Taipei, Sept. 23 (CNA) The Ministry of Finance (MOF) on Tuesday urged four winners of the NT$10 million (US$330,797) special prize in the May-June uniform invoice lottery to claim their cash by Nov. 5.
In addition, the MOF said three NT$2 million grand prize receipts from the same period remain unclaimed and called on the winners to act before the deadline.
The eight-digit serial number that won the NT$10 million special prize for May-June was 47406327, with 17 winning receipts in total.

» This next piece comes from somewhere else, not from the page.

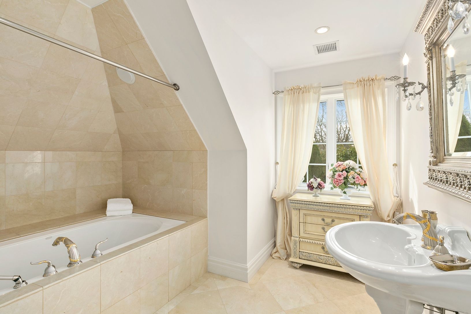 Impeccable European style villa is located in Southampton Village. Situated on 1.5 beautifully landscaped acres, this elegant French villa provides incredible ocean views from a rooftop terrace. This mini-European-style resort's features include elegant furnishings, living and dining room with fireplace, top-of-the-line kitchen, 8 bedrooms, 10 baths (primary with jacuzzi) and powder room. Additional amenities include a piano, billiards, gymnas

The NT$2 million grand prize number was 05579058, which had 20 winning receipts, according to the MOF.
The four unclaimed NT$10 million prizes include a receipt for a NT$20 drink purchased at a 7-Eleven on Fuhe Road in New Taipei’s Yonghe District, and another of NT$150 issued by a Sunfar 3C outlet in Taichung’s Beitun District.
The third unclaimed prize came from a NT$58 purchase at a metal parts vendor in Taichung’s North District, while the fourth was for a NT$45 drink bought at a FamilyMart in Houbi, Tainan.
The three unclaimed NT$2 million prizes include a NT$750 receipt issued by Mei Guan Yuan Japanese Restaurant on Emei Street in Taipei’s Wanhua District, a NT$75 receipt from a 7-Eleven in Xindian District, New Taipei, for a food purchase, and a NT$30 receipt from the 101 Stationery Store in Tainan’s South District.
The MOF said the draw for the July-August lottery is scheduled for Thursday.
The uniform invoice lottery, drawn every two months, was created to encourage consumers to collect sales receipts as part of efforts to prevent tax evasion. The lottery is funded by 3 percent of annual business tax revenues, which are built into the prices of most goods and services under Taiwan’s tax laws.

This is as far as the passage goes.